Exercise details:
Go through the data below and return each line where the string "index" occurs.

------------

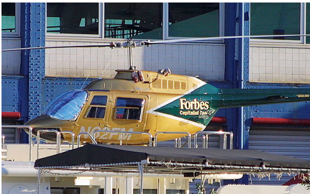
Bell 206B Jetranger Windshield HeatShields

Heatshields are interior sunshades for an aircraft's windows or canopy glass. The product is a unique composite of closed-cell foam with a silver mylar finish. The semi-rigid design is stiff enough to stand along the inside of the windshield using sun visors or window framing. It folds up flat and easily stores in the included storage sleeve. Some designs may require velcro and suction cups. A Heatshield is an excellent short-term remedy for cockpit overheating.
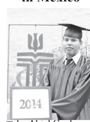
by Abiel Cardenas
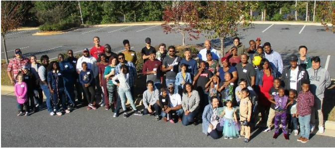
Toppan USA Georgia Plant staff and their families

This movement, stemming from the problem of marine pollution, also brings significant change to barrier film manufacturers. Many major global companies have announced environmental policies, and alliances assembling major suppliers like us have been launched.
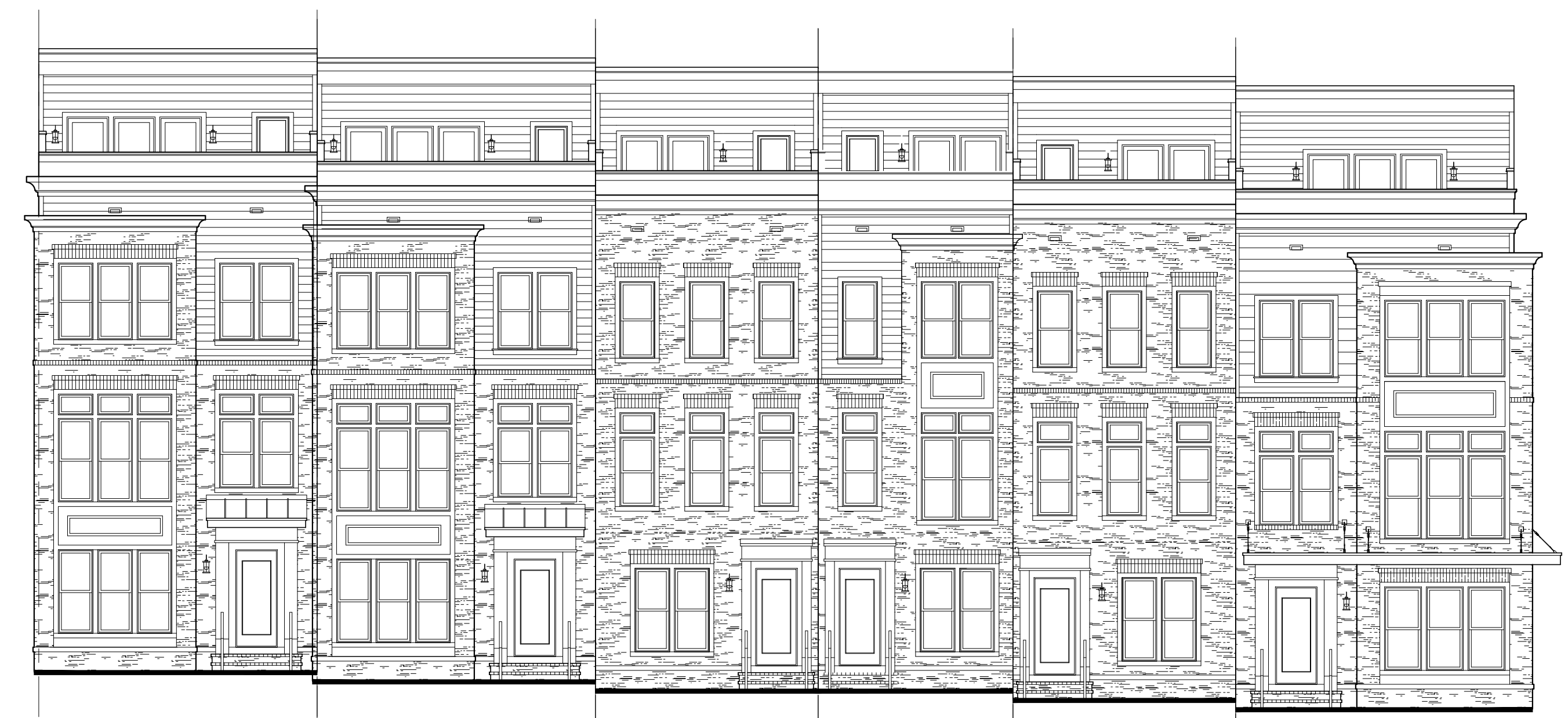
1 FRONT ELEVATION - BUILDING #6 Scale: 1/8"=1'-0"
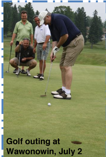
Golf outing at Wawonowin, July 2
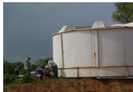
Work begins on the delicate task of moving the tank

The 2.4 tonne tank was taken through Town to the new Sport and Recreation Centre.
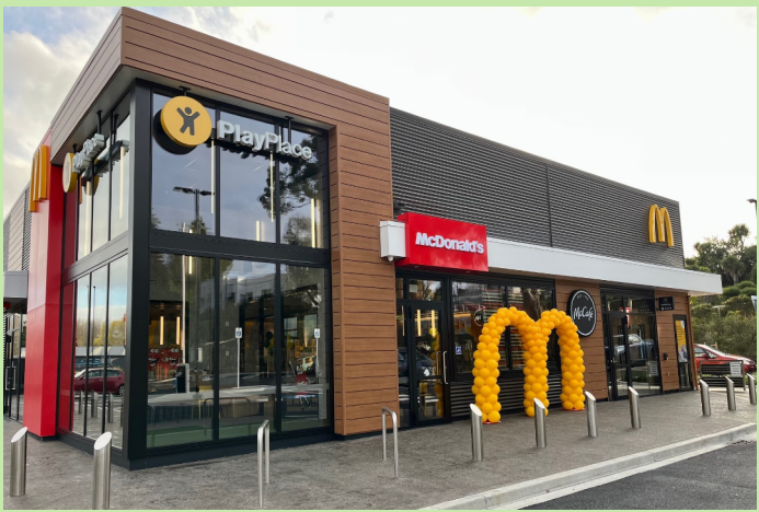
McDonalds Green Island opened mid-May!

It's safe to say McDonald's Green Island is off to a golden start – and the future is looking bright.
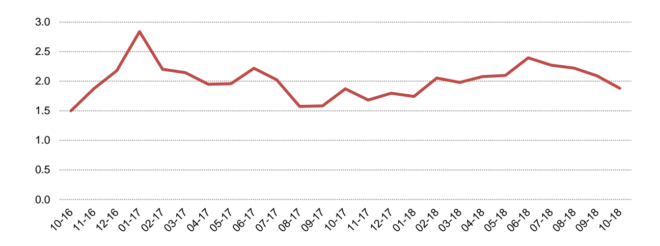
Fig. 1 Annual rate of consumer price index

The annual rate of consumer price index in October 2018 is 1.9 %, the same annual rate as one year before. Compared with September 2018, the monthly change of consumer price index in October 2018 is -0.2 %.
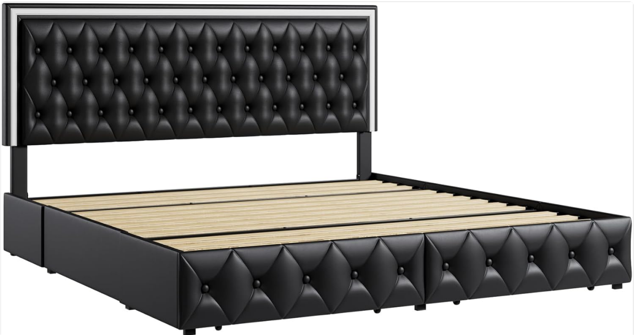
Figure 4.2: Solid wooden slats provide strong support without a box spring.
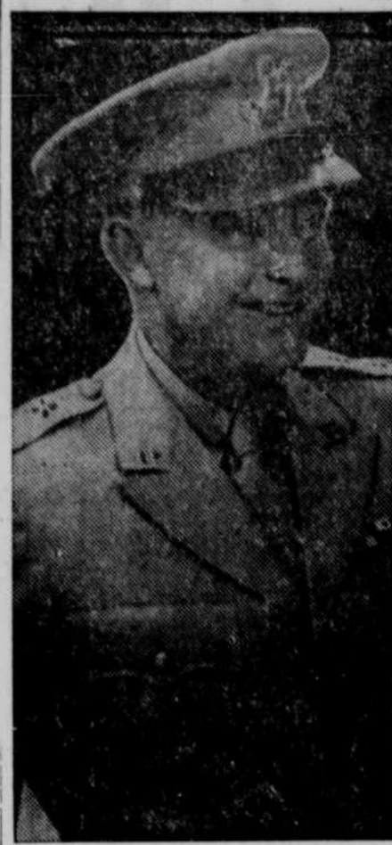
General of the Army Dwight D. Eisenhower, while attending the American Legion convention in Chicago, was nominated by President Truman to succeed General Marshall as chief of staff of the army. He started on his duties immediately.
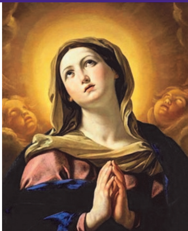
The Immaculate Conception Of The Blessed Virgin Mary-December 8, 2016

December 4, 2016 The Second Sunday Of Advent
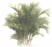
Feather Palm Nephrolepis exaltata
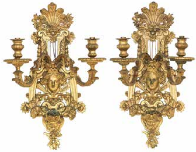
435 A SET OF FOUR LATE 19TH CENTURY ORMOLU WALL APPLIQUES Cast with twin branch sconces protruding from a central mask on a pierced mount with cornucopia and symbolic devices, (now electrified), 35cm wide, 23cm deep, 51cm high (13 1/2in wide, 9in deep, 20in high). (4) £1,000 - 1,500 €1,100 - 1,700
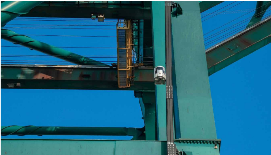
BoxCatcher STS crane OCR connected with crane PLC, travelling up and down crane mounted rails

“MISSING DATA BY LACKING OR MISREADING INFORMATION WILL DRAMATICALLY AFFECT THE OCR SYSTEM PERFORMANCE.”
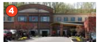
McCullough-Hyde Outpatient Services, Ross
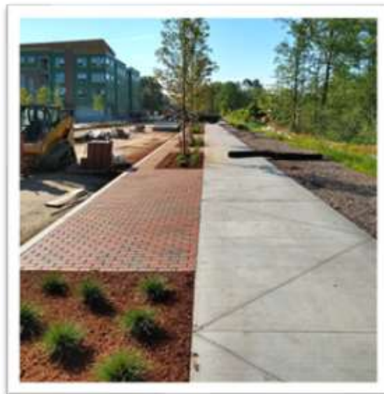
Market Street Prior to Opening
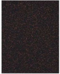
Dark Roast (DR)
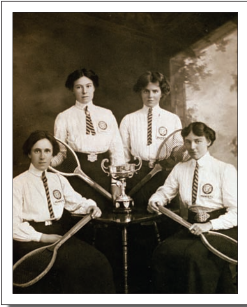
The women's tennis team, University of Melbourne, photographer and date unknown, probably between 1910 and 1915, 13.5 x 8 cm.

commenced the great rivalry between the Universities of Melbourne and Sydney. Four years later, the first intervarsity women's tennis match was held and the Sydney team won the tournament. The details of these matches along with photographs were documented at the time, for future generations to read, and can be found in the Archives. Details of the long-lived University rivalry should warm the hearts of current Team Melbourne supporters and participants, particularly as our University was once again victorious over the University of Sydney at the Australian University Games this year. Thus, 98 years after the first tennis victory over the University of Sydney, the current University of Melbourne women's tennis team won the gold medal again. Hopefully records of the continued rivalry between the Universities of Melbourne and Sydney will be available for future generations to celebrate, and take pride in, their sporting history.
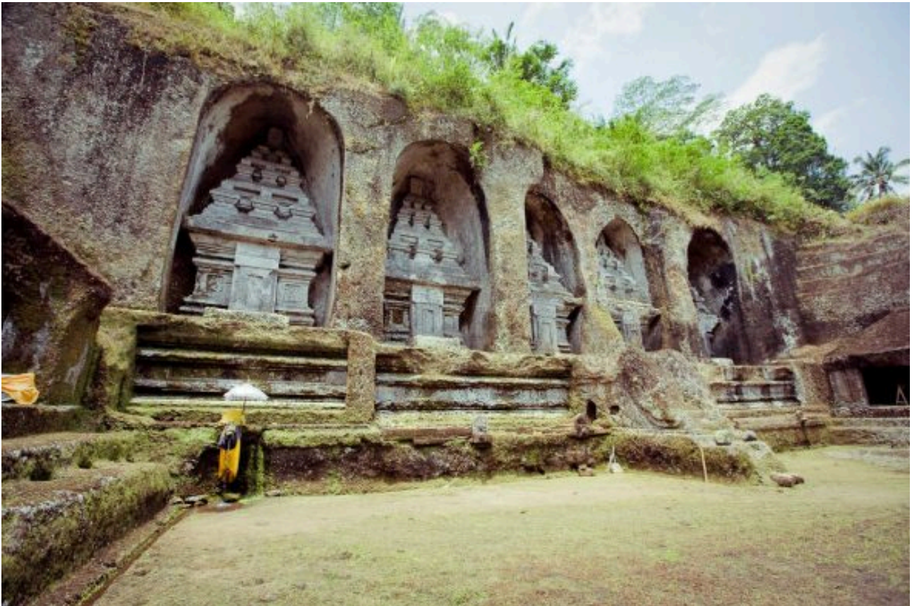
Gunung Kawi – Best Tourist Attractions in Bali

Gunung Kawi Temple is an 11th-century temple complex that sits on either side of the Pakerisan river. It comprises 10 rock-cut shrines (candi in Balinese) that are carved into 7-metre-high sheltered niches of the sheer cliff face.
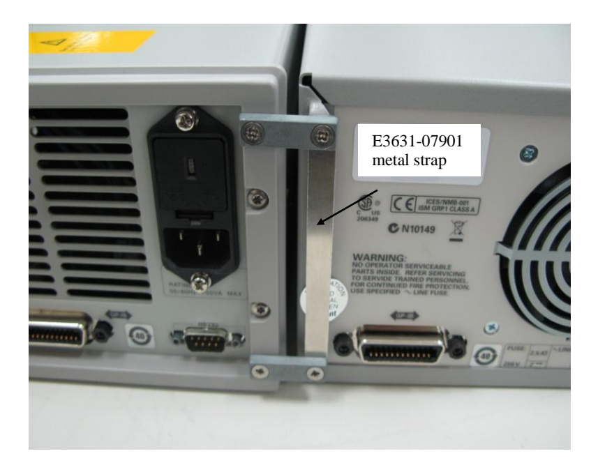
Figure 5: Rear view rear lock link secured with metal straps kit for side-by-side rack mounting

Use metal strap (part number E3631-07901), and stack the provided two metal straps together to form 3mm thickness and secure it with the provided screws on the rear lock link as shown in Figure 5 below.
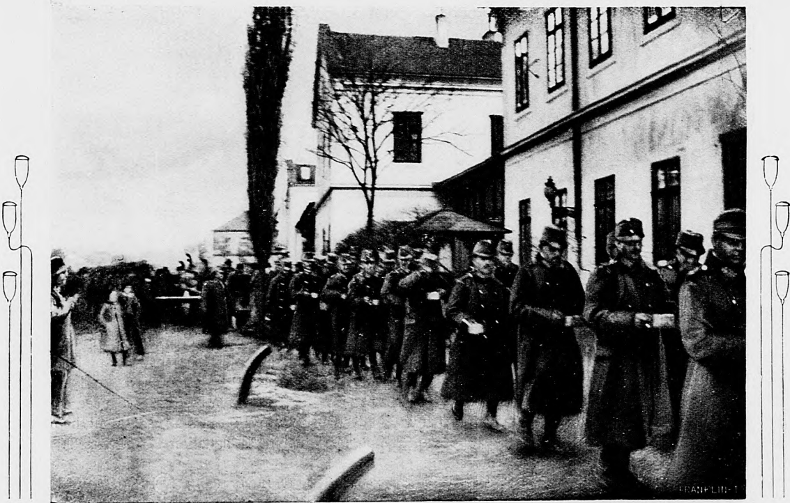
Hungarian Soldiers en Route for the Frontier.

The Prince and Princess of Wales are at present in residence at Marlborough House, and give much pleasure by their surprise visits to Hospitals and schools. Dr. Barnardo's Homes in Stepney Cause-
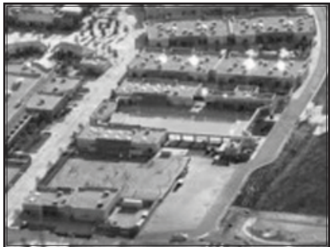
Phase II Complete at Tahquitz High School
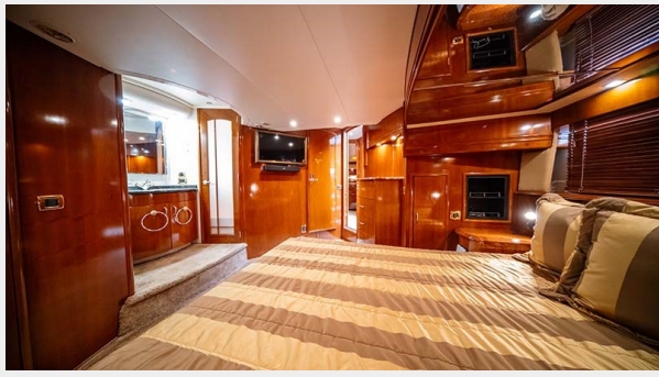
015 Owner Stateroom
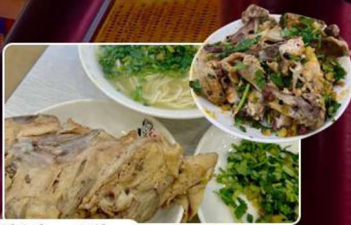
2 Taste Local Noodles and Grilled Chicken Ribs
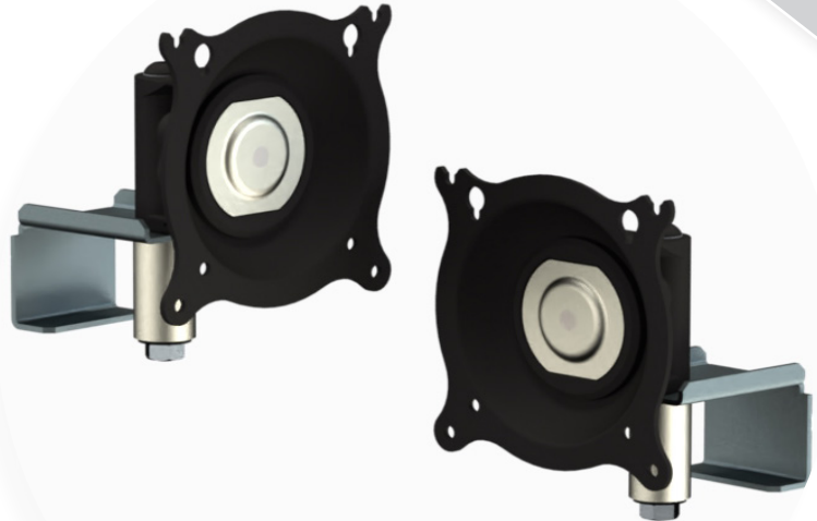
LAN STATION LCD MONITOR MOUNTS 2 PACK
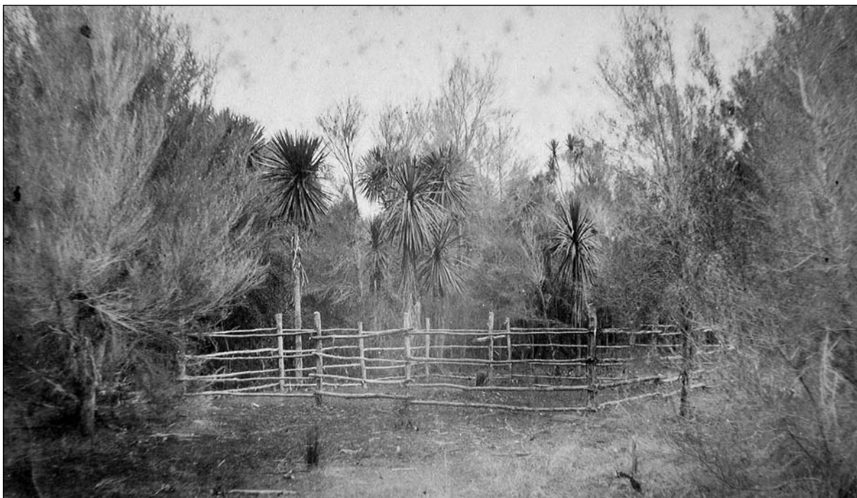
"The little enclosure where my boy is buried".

------------

Task answer:
Fig. 1 Annual rate of consumer price index
The annual rate of consumer price index in October 2018 is 1.9 %, the same annual rate as one year before. Compared with September 2018, the monthly change of consumer price index in October 2018 is -0.2 %.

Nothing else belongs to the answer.